The 2015 Special 301 Report continues a trend, beginning last year, of scrubbing a lot of language that long graced previous reports threatening other countries about WTO TRIPS and other international treaty violations. (See Special 301, A Historical Primer). This could be seen as an acknowledgment that such threats violate the World Trade Organization dispute settlement understanding. The WTO clearly states:
“Members shall not make a determination to the effect that a violation has occurred . . . except through recourse to . . . this understanding.”[1]

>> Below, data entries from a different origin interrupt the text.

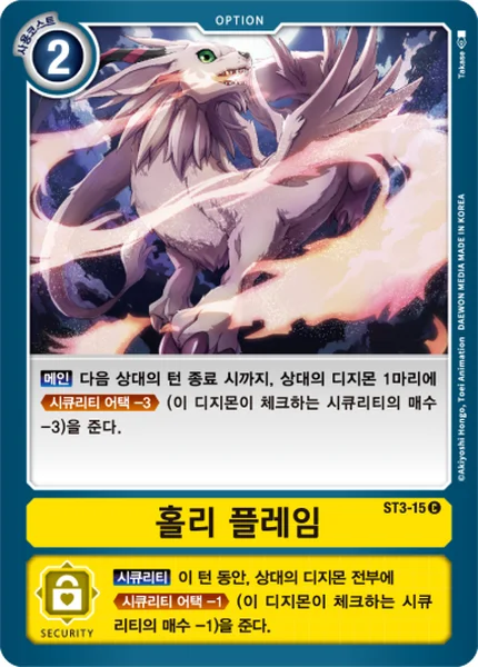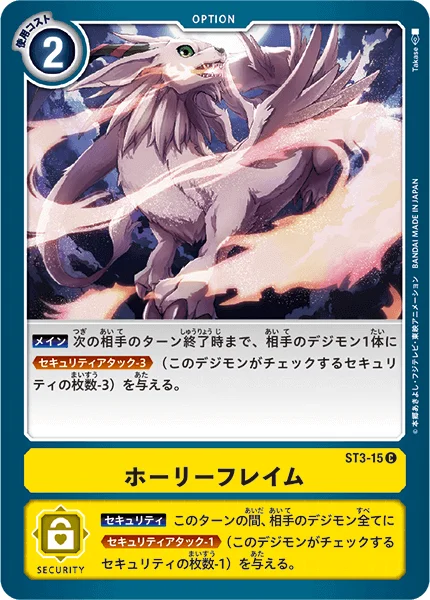 Main 1 of your opponent's Digimon gains Security Attack -3 (This Digimon checks 3 fewer security cards) until the end of your opponent's next turn.
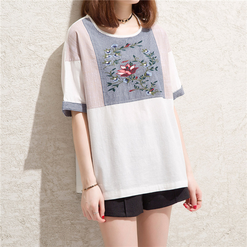 夏裝新款女寬松條紋t恤女白色韓版復古名族風小心機上衣女夏
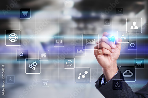 Virtual screen interface with applications icons. APPS. Strategy planning Internet technology concept.
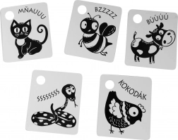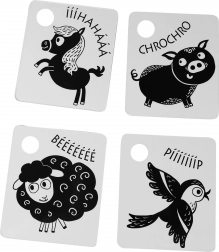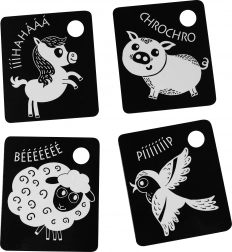 Stimuleer de ontwikkeling van je baby met contrasterende zwart-witte kaartjes, verpakt per 9 stuks en gemaakt van hoogwaardige Tsjechische materialen. Elk kaartje heeft een opening om op te hangen en in de verpakking zit een kunststof ring voor eenvoudig bundelen. De kaartjes stimuleren het zicht, ontwikkelen de fijne motoriek en de natuurlijke nieuwsgierigheid van kinderen, inclusief het herkennen van dieren.
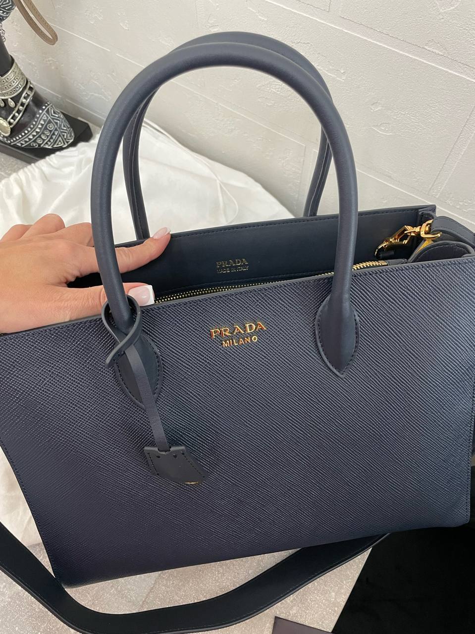 Сумка через плечо от Prada — это не только стиль, но и удобство. Ее можно носить как в руках, так и на плече, что делает ее незаменимым спутником в повседневной жизни. Просторное внутреннее отделение позволяет разместить все необходимые вещи, а продуманные карманы помогут организовать пространство. Носить такую сумку — значит быть всегда на высоте, не беспокоясь о том, что что-то может потеряться или быть не на своем месте.
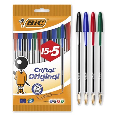 قلم حبر جاف أصلي من BiC Cristal، 20 قلمًا

It should also be noted, however, that threatening Special 301 sanctions for so called “TRIPS-plus” standards not directly covered by the WTO also violate the WTO. The U.S. cannot threaten revoking general system of preferences benefits for TRIPs-plus demands because such criteria would not meet the standard of the WTO EC Tariffs case. That case clarified that GSP criteria must to be tailored to the needs of developing countries, and held that such needs may not be “based merely on an assertion to that effect by . . . a preference-granting country.” Rather, the basis for GSP criteria must be an “objective . . . [b]road-based recognition of a particular need,” such as those “set out in the WTO Agreement or in multilateral instruments adopted by international organizations.”[5]
This holding puts the 301 program into a legal Catch 22. USTR can’t unilaterally adjudicate TRIPS. But it also can’t unilaterally withhold GSP benefits for IP standards not contained in TRIPS or some equivalent multilateral instrument, which by definition TRIPS-plus standards are not.
At bottom, the Special 301 list is just that — a list. All bark and no bite.